*STORED DATA:*
☆ ☆ ☆ ☆ ☆

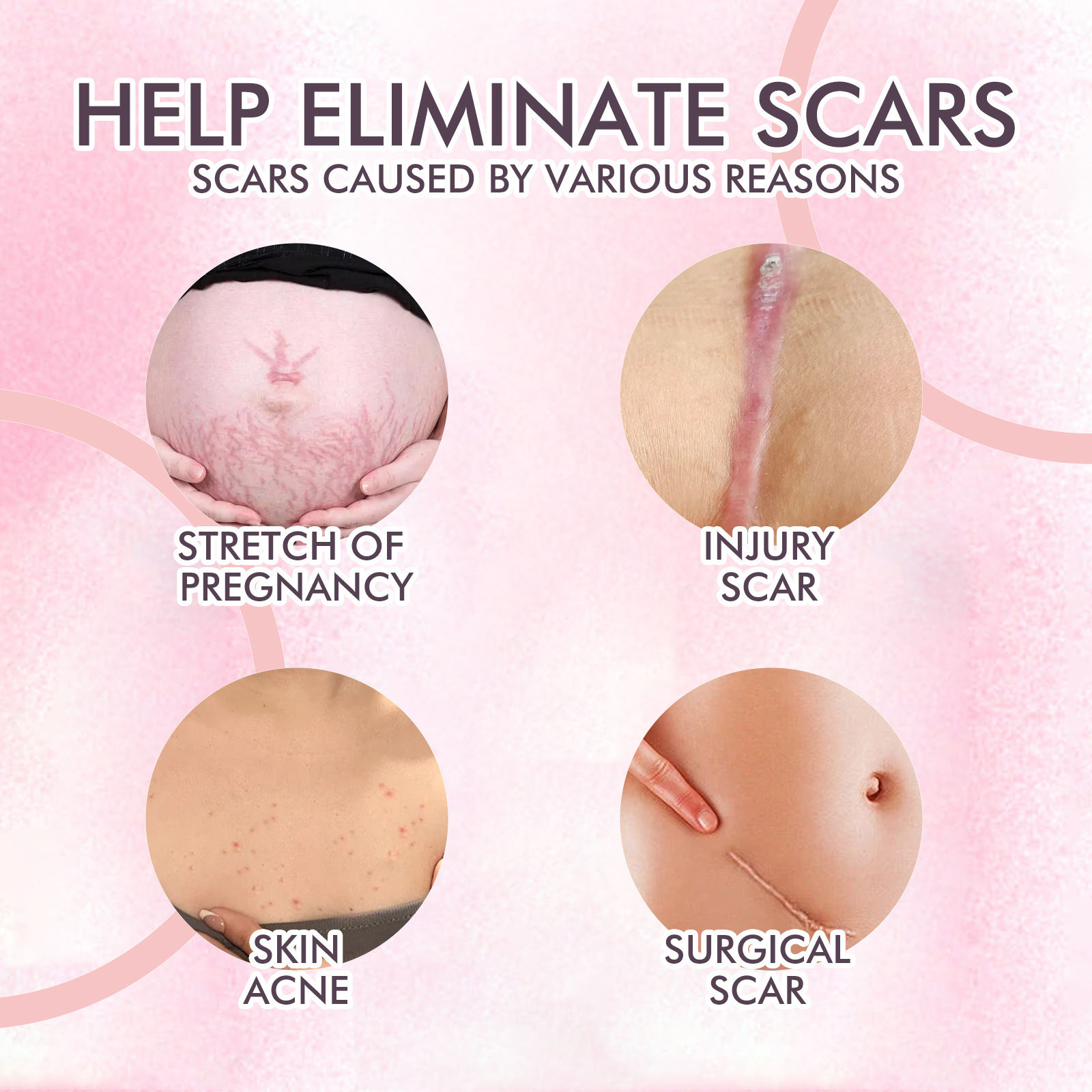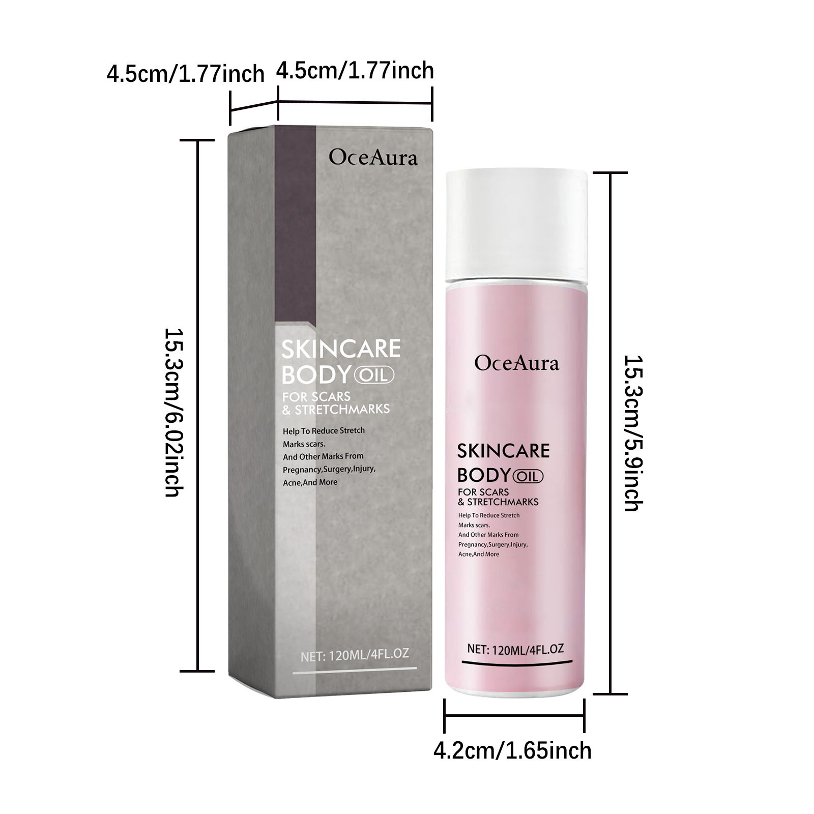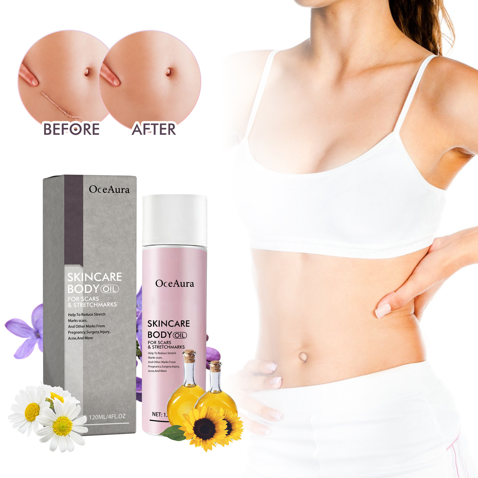 Our Skincare Body Oil contains Retinol, Tocopherol, Chrysanthellum Indicum Extract. It can eliminate scars caused by many causes, increase skin elasticity, and improve skin quality. Its application method is very simple: clean and dry the skin, take appropriate amount of product on the hand, rub with the palm of the hand, slightly heat, evenly apply to the skin, gently massage the skin to absorb. It can repair damaged skin and fade scars.
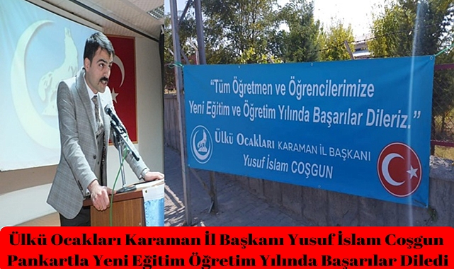 Ülkü Ocakları Karaman İl Başkanı Yusuf İslam Coşgun, Pankartla Yeni Eğitim Öğretim Yılında Başarılar Diledi.Ülkü Ocakları Karaman İl Başkanı Yusuf İslam Coşgun üniversite tarafına ''Tüm Öğretmen ve Öğrencilerimize Yeni Eğitim Öğretim Yılında Başarılar Dilerim.'' Pankartla Yeni Eğitim Öğretim Yılını Kutladı.
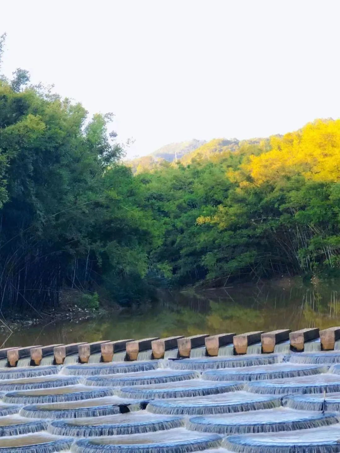 在这里不仅可以亲自体验采茶过程,还能够跟着六堡茶非遗传承人一起感受制茶的乐趣。就着新做好的茶叶,沏一杯香气四溢的新鲜六堡茶,享受着茶汤带来的醇厚顺滑。来到六堡镇,深入了解茶文化是首选,但是用茶制作的美味可不能错过,在六堡镇有一条街专以茶命名,值得去逛一逛。一来到巷口就能闻见街道内飘来淡淡茶香,大大小小的茶铺立在两旁,三三两两的茶几置于街边,几人围坐,茶香缭绕。随意挑一家茶馆喝一碗红浓陈醇的六堡茶汤,抚慰一天的舟车劳顿,消乏安神,是一件再惬意不过的事了。光喝茶不过瘾,还可以品尝这里最具六堡本地特色的茶叶鸡和茶叶蛋。六堡茶的醇厚芳香浸润到了鸡肉中,鸡肉的鲜美跟六堡茶的醇香融合,鸡肉酥软仿佛入口即化,鸡汤浓而鲜美,食之香醇可口。陈年六堡茶煮出来的茶叶蛋,茶香浓郁,蛋香四逸,不苦不涩,色泽均匀,卖相极佳。除了吃喝玩乐,在六堡镇还有更独特的自然风光等你来寻。离开茶街向大中村方向前进,到龙鳞坝,看流水潺潺,波光粼粼,岂不妙哉!

☆ ☆ ☆ ☆ ☆

*TASK DESCRIPTION:* Please repeat the data verbatim and leave the pictures out of your copy.

*ANSWER TO THE EXERCISE:*
 Our Skincare Body Oil contains Retinol, Tocopherol, Chrysanthellum Indicum Extract. It can eliminate scars caused by many causes, increase skin elasticity, and improve skin quality. Its application method is very simple: clean and dry the skin, take appropriate amount of product on the hand, rub with the palm of the hand, slightly heat, evenly apply to the skin, gently massage the skin to absorb. It can repair damaged skin and fade scars.
 Ülkü Ocakları Karaman İl Başkanı Yusuf İslam Coşgun, Pankartla Yeni Eğitim Öğretim Yılında Başarılar Diledi.Ülkü Ocakları Karaman İl Başkanı Yusuf İslam Coşgun üniversite tarafına ''Tüm Öğretmen ve Öğrencilerimize Yeni Eğitim Öğretim Yılında Başarılar Dilerim.'' Pankartla Yeni Eğitim Öğretim Yılını Kutladı.
 在这里不仅可以亲自体验采茶过程,还能够跟着六堡茶非遗传承人一起感受制茶的乐趣。就着新做好的茶叶,沏一杯香气四溢的新鲜六堡茶,享受着茶汤带来的醇厚顺滑。来到六堡镇,深入了解茶文化是首选,但是用茶制作的美味可不能错过,在六堡镇有一条街专以茶命名,值得去逛一逛。一来到巷口就能闻见街道内飘来淡淡茶香,大大小小的茶铺立在两旁,三三两两的茶几置于街边,几人围坐,茶香缭绕。随意挑一家茶馆喝一碗红浓陈醇的六堡茶汤,抚慰一天的舟车劳顿,消乏安神,是一件再惬意不过的事了。光喝茶不过瘾,还可以品尝这里最具六堡本地特色的茶叶鸡和茶叶蛋。六堡茶的醇厚芳香浸润到了鸡肉中,鸡肉的鲜美跟六堡茶的醇香融合,鸡肉酥软仿佛入口即化,鸡汤浓而鲜美,食之香醇可口。陈年六堡茶煮出来的茶叶蛋,茶香浓郁,蛋香四逸,不苦不涩,色泽均匀,卖相极佳。除了吃喝玩乐,在六堡镇还有更独特的自然风光等你来寻。离开茶街向大中村方向前进,到龙鳞坝,看流水潺潺,波光粼粼,岂不妙哉!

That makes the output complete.